Il mestiere dell'artista. Dal Caravaggio al Baciccio (Sellerio) by Claudio Strinati

Il mestiere dell'artista. Dal Caravaggio al Baciccio (Sellerio) by Claudio Strinati

autore:Claudio Strinati [Strinati, Claudio]
La lingua: ita
Format: epub
editore: Sellerio Editore
pubblicato: 2020-05-22T16:00:00+00:00


XV

Il grande salone d’onore di Palazzo Barberini non è l’unico capolavoro che Pietro da Cortona ha lasciato all’umanità. A Roma ancora oggi è facile imbattersi nelle sue opere pittoriche e architettoniche. Egli fu, infatti, un artista poliedrico e come architetto non fu certo da meno che come pittore. Benché oggi venga ricordato più in veste di pittore, l’opera architettonica di Pietro da Cortona è ai vertici della grande architettura del Seicento italiano e non solo.

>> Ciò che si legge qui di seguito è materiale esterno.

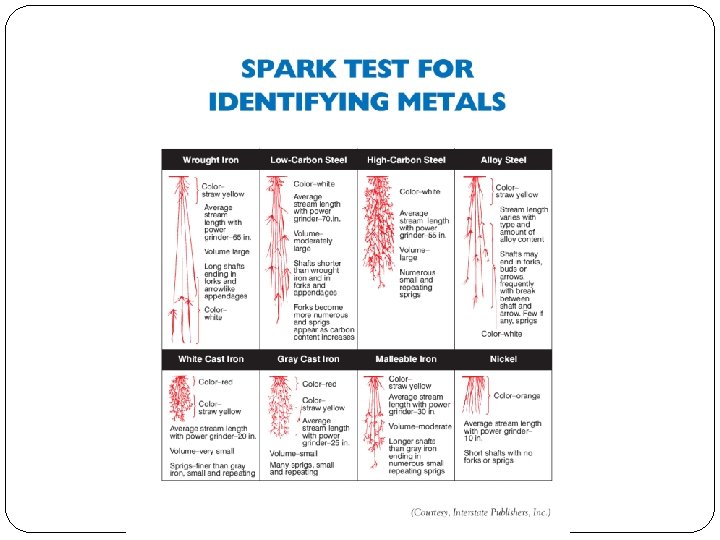 Obj. 5 Physical and chemical tests are used to determine the type of metal. The Appearance Test involves identification of a metal by its appearance and use. Color and appearance make certain metals such as copper, brass, and bronze easy to identify. The Magnetic Test involves identification of metal by the use of a magnet. The Chisel Test involves identification of metal by the use of a hammer and cold chisel. The Fracture Test involves identification of metal by fracturing the metal and observing the grain. The Flame Test involves identification of metals by applying a flame to them and watching what occurs. F. The Spark Test involves identification of metals by applying them to a grinding wheel and observing the spark that is generated. The color, shape, average length, and activity of the sparks are characteristics of the material being tested.

L’affresco immane sul soffitto di Palazzo Barberini è una immagine assai vivida proprio del concetto della gloria e del trionfo. Gloria celeste, ma comunque gloria intesa come consacrazione attraverso le immagini di qualcosa che sembrerebbe destinato a durare nel tempo. L’affresco vive di vita propria. È una gigantesca allegoria composta da un numero infinito di figure, inteso a significare, in sostanza, il trionfo di una grande personalità sul tempo stesso che la ospita. Tutti noi siamo dentro il tempo, perlomeno durante la nostra vita terrena, e la religione è quella istanza della mente umana che vorrebbe far capire come al di là del tempo esista un’altra dimensione. L’argomento del «tempo» è ripetutamente presente nelle riflessioni degli artisti dell’epoca.

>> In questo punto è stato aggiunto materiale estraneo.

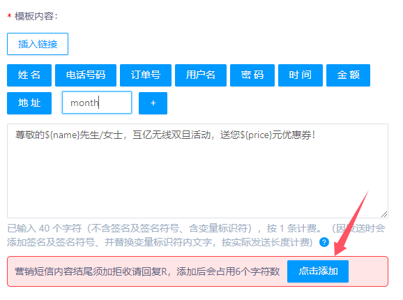 发送营销短信,在短信内容结尾必须带上“拒收请回复R”,如果没有包含可以直接点击【点击添加】按钮。

Nel caso di Pietro da Cortona e della volta di Palazzo Barberini è certamente così. Sulla volta è dipinto un turbinio di immagini. Si vede il Sileno in un giardino meraviglioso; si vede Vulcano nella sua bottega, che forgia le armi richiamando alla nostra mente i celebrati poemi epici dell’antichità. Si vede Minerva che vola nell’aria e abbatte i Giganti che la contrastano; si vedono strane figure di animali fantastici. E poi, al centro della volta si vedono altre figure mitologiche, proprio quelle che vogliono significare il tempo: le Parche, che nella mitologia greca presiedono alla vita dell’uomo, Cronos, il tempo, che mangia i suoi figli, secondo un antichissimo mito. E finalmente, al centro si dovrebbe vedere Urbano VIII, il papa glorificato in questo affresco, mentre sale verso il cielo ed è coronato dalle virtù che egli possedette in dosi massicce. In realtà, ci troviamo di fronte a una sorta di piccola sorpresa visiva. A fronte dell’enorme profluvio di immagini bellissime che si possono scorgere e comprendere, per quanto si guardi verso il soffitto, il papa non si vede. Non c’è, non c’è da nessuna parte.

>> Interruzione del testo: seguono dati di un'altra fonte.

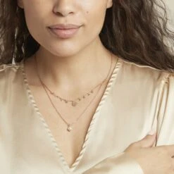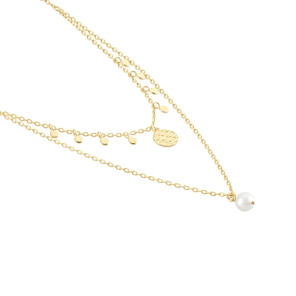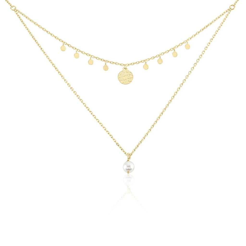 Collier PlaquĂ© Or Jaune Double ChaĂ®nes Pastilles Et Perle D’imitation Maille Forçat 45cm

Quello che c’è è lo stemma della sua famiglia. La famiglia Barberini ha nello stemma le api, simbolo di operosità, di laboriosità. E in effetti, alzando gli occhi e osservando bene, si vedono raffigurate sulla volta delle api gigantesche che salgono verso l’alto e vogliono rappresentare la presenza simbolica del papa. Si distingue bene la tiara papale, naturalmente, ma non si vede il papa. E allora, improvvisamente, ci si accorge di qual è la verità di questo affresco e di questa idea dell’arte. L’immagine inventata da Pietro da Cortona è l’immagine di un mondo che non esiste e che quindi non può avere nessuna relazione con la realtà. Per Pietro da Cortona l’immagine della bellezza non è, dunque, compatibile con il riconoscimento di qualcosa o qualcuno.